Exercise inputs >>
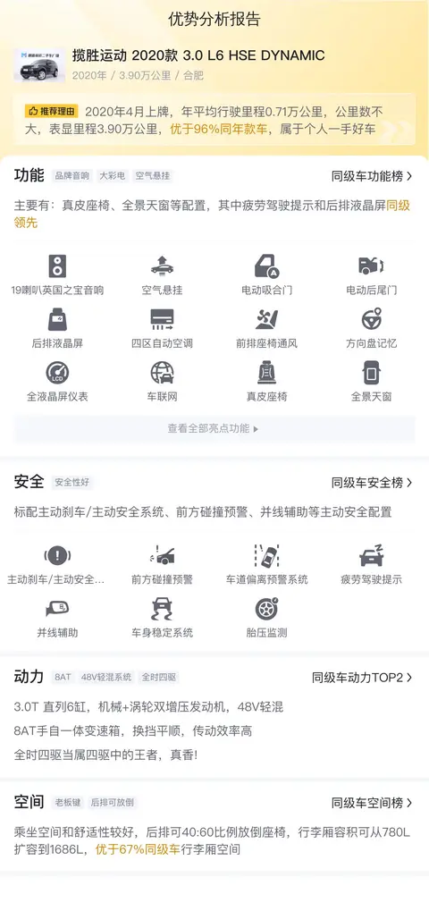 综上所述的新车含税价、用车成本、市场行情、优势分析、同款比价等数据仅供参考。在配置部分,因为二手车非标品,车辆可能会存在配置改装的情况,具体车况信息需要线下结合车辆实际情况进行综合参考。
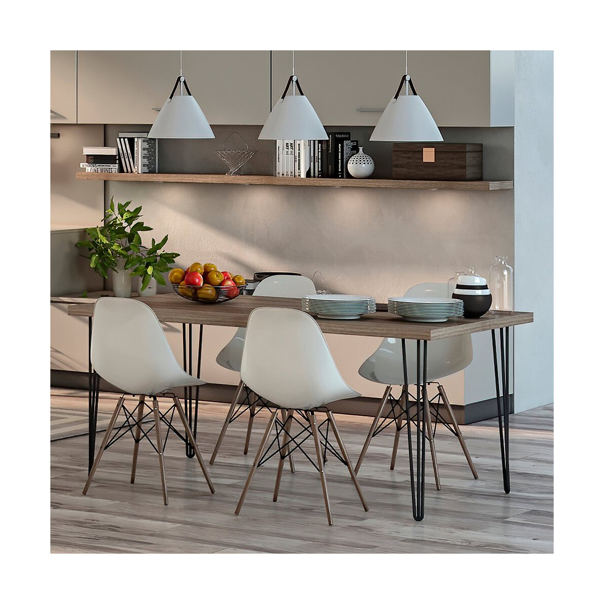 Jeu de 4 pieds de table en forme de tige circulaire, parfaits pour les tables multi-usage et de cuisine. Le pied fixe a une hauteur de 710 mm. Le montage se fait très simplement en vissant le pied au plateau de table grâce aux vis fournies. Des patins sont également fournis pour éviter de marquer le sol. Les pieds sont en acier et peints en noir ou en blanc.
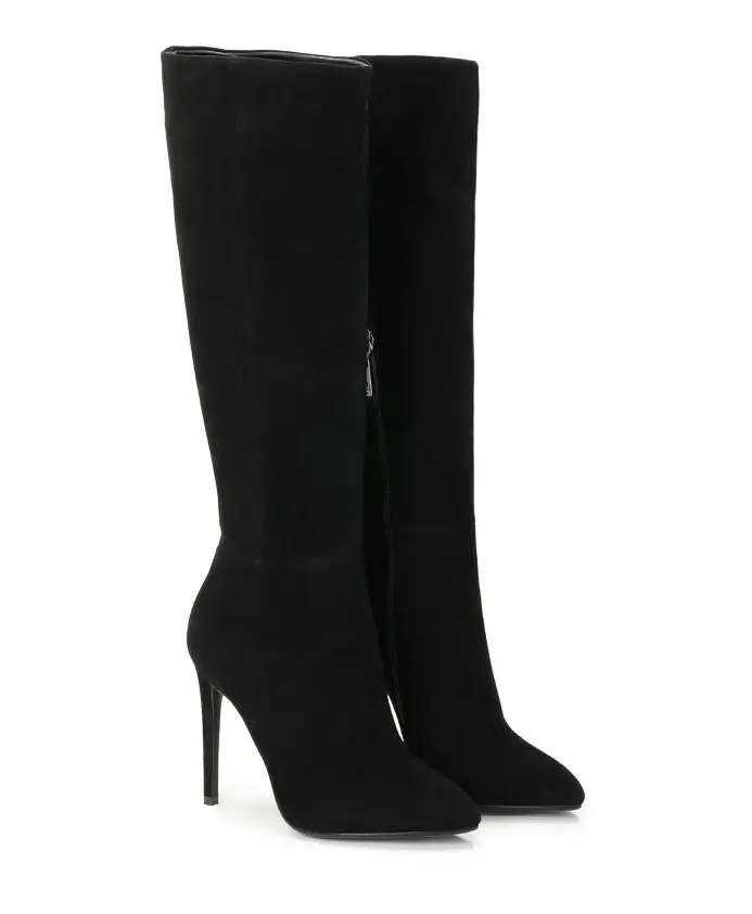 Высокие женские сапоги из высококачественной замши представляют собой элегантный классический крой на высоком каблуке. Минималистский топ с тонкими нитями в сочетании с зауженным кончиком делает ноги стройнее и длиннее. Универсальный, неподвластный времени черный цвет подойдет ко всему. Благодаря исключительным влагопоглощающим свойствам подкладка из полуанилиновой овчины обеспечивает высокий уровень комфорта.
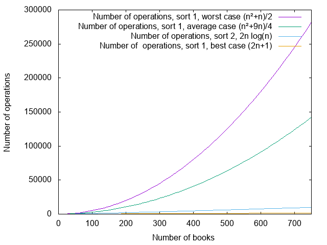 The first question is what happens to smaller elements of the formulas. The idea is that only keep what “matters” when looking at how the number of operations increases with the number of elements to sort. For example, if I want to sort 750 books, with the “average” case of the first algorithm, I have . For 750 books, the two parts of the sum yield, respectively, 140625 and… 1687. If I want to sort 1000 books, I get 250000 and 2250. The first part of the sum is much larger, and it grows much quicker. If I need to know how much time I need, and I don’t need that much precision, I can pick and discard – already for 1000 books, it contributes less than 1% of the total number of operations.
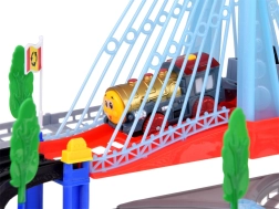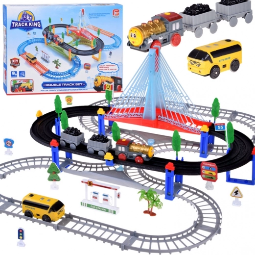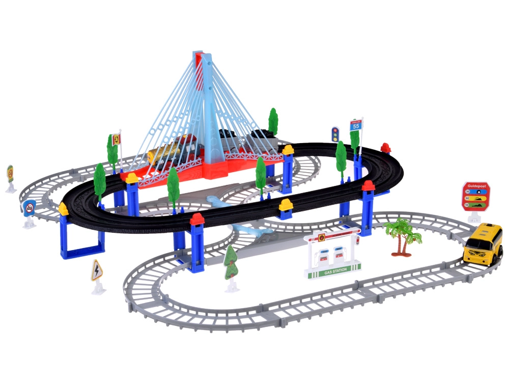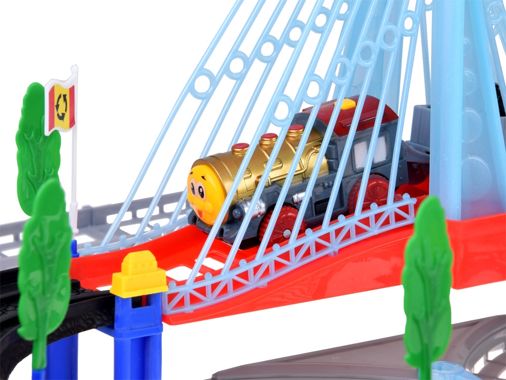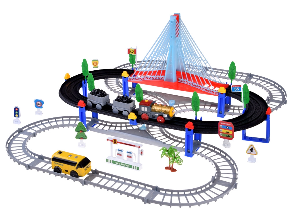 See elektriline rongirada mitmetasandiliste rööbaste ja rippuva sillaga pakub lastele tunde loovat mängu. Vedur vagunitega ja kollane linnabuss liiguvad ühendatud radadel, ületavad silla ning mööduvad liiklusmärkidest, puudest ja väikesest bensiinijaamast. LED-valgustus ning lokomotiivi helid ja meloodiad lisavad mängule autentsust.
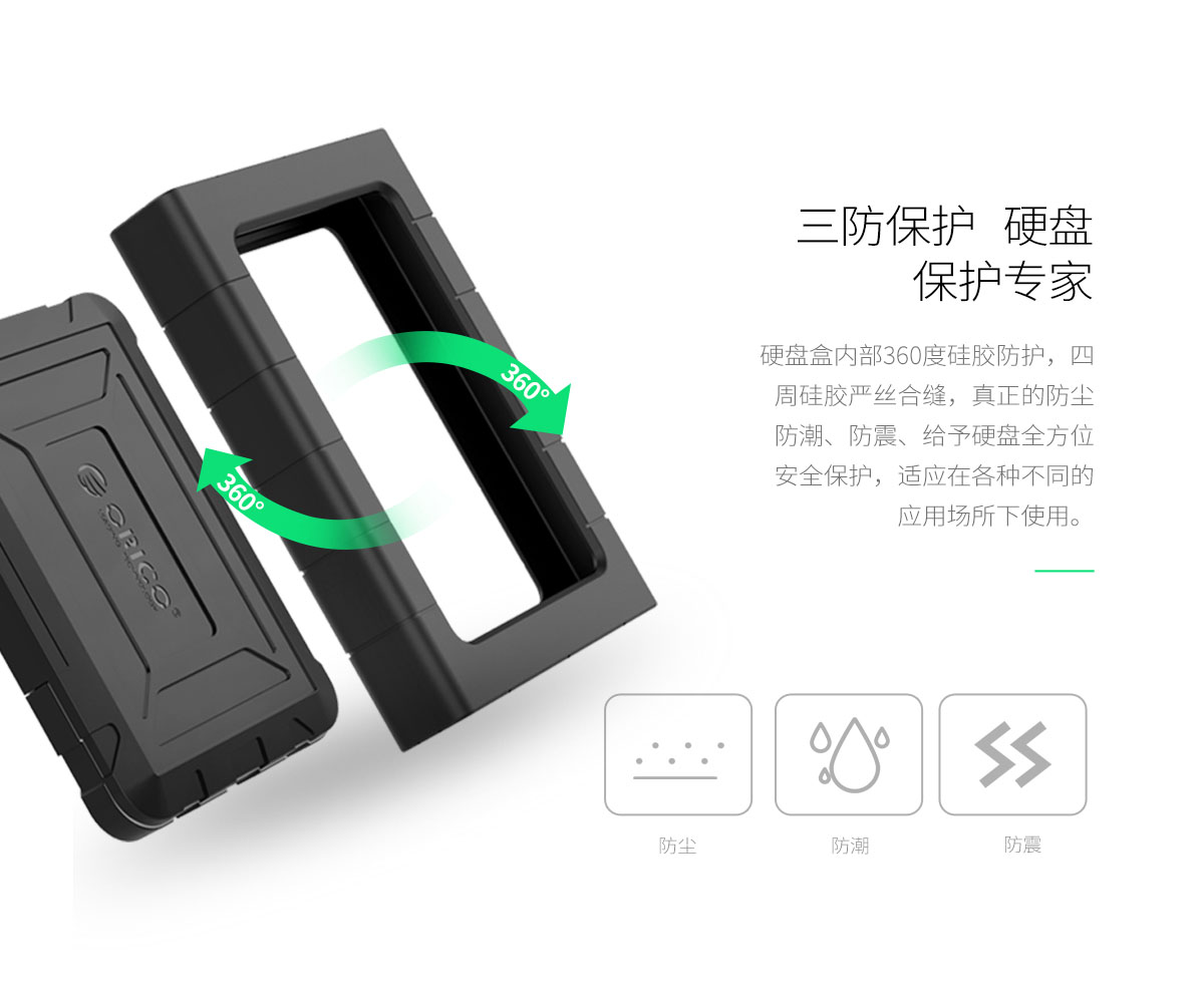 2.5英寸USB3.1 Type-C移動硬盤盒,360度硅膠防護(hù)
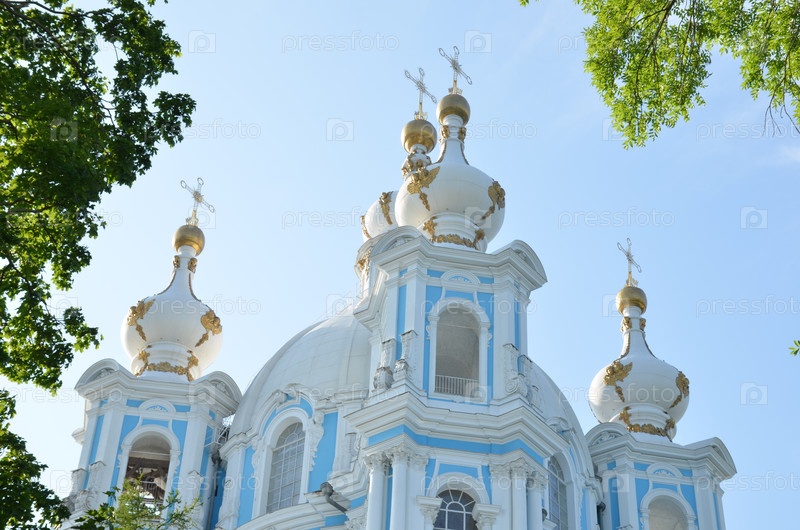 Смольный собор православная церковь в стиле барокко (участник культурного наследия России) в солнечный летний день
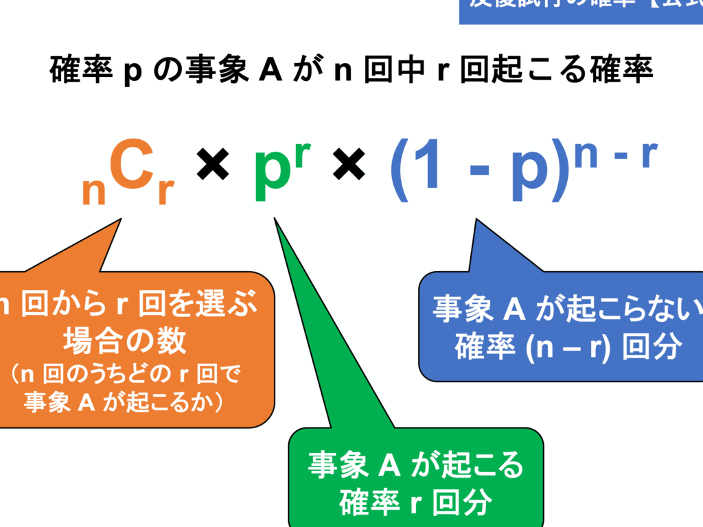 - 定義: 独立な試行は、ある出来事が他の出来事に影響を与えないこと。例えば、一回目のサイコロの結果が二回目には関係しません。

Work to complete >> Transcribe exactly the lines from the one holding "Смольный собор православная" through the final line of the material above, both ends included; any pictures should be dropped.

Output >>
 Смольный собор православная церковь в стиле барокко (участник культурного наследия России) в солнечный летний день
 - 定義: 独立な試行は、ある出来事が他の出来事に影響を与えないこと。例えば、一回目のサイコロの結果が二回目には関係しません。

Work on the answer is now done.